__TRY IT__. From the records below, please print only the lines from the one containing "Bluebonnet Nutrition, витамин" through the one containing "ぎょうざはえび入りで、ふつう", both included. Skip the pictures.

MATERIAL SHOWN section start

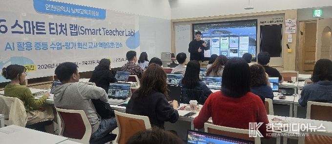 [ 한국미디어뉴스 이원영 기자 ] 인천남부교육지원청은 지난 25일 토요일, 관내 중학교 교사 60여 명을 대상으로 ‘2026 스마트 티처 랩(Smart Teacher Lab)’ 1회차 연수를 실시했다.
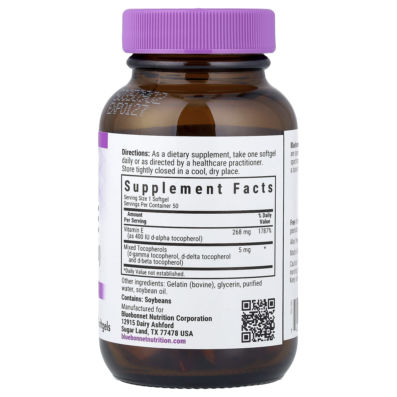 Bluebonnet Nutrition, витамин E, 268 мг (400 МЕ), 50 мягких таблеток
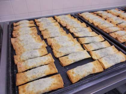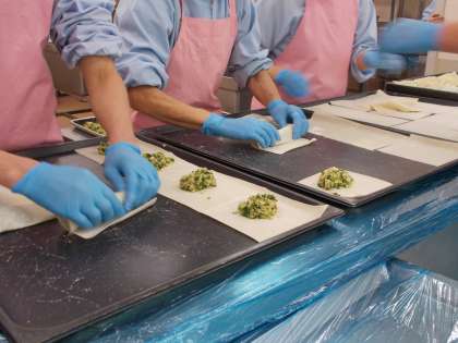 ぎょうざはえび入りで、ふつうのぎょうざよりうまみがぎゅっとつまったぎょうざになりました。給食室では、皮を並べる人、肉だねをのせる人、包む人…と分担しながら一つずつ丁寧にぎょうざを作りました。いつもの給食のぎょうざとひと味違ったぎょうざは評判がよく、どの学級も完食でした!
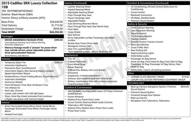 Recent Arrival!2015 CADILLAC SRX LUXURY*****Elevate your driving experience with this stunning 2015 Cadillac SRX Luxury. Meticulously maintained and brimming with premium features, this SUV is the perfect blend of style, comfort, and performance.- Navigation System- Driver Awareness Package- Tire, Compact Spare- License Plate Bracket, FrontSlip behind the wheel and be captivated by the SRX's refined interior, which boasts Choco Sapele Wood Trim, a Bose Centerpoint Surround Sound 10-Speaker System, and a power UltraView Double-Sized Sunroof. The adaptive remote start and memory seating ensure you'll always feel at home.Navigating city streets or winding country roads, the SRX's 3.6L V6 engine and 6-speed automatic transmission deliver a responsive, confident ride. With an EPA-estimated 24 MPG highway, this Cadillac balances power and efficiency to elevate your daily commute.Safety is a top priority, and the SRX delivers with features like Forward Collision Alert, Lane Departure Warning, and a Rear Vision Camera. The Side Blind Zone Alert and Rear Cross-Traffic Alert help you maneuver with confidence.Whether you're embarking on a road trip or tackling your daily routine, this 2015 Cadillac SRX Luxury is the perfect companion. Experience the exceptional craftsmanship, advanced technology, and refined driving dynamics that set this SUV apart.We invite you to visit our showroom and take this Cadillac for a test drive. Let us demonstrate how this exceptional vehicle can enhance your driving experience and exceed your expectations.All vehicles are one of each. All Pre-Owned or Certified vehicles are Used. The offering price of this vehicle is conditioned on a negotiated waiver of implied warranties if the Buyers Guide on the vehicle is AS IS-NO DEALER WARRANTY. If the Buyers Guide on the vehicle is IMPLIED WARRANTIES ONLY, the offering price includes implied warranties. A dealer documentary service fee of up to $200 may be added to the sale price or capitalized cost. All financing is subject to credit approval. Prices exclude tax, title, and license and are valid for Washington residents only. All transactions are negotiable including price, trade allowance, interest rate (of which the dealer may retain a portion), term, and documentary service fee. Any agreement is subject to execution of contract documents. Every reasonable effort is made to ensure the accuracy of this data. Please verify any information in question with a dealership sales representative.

MATERIAL SHOWN section end
MATERIAL SHOWN section start

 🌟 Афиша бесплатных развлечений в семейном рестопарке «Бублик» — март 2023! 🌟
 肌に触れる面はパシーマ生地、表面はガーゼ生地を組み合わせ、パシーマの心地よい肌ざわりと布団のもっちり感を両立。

MATERIAL SHOWN section end

__WRITTEN ANSWER__.
 Bluebonnet Nutrition, витамин E, 268 мг (400 МЕ), 50 мягких таблеток
 ぎょうざはえび入りで、ふつうのぎょうざよりうまみがぎゅっとつまったぎょうざになりました。給食室では、皮を並べる人、肉だねをのせる人、包む人…と分担しながら一つずつ丁寧にぎょうざを作りました。いつもの給食のぎょうざとひと味違ったぎょうざは評判がよく、どの学級も完食でした!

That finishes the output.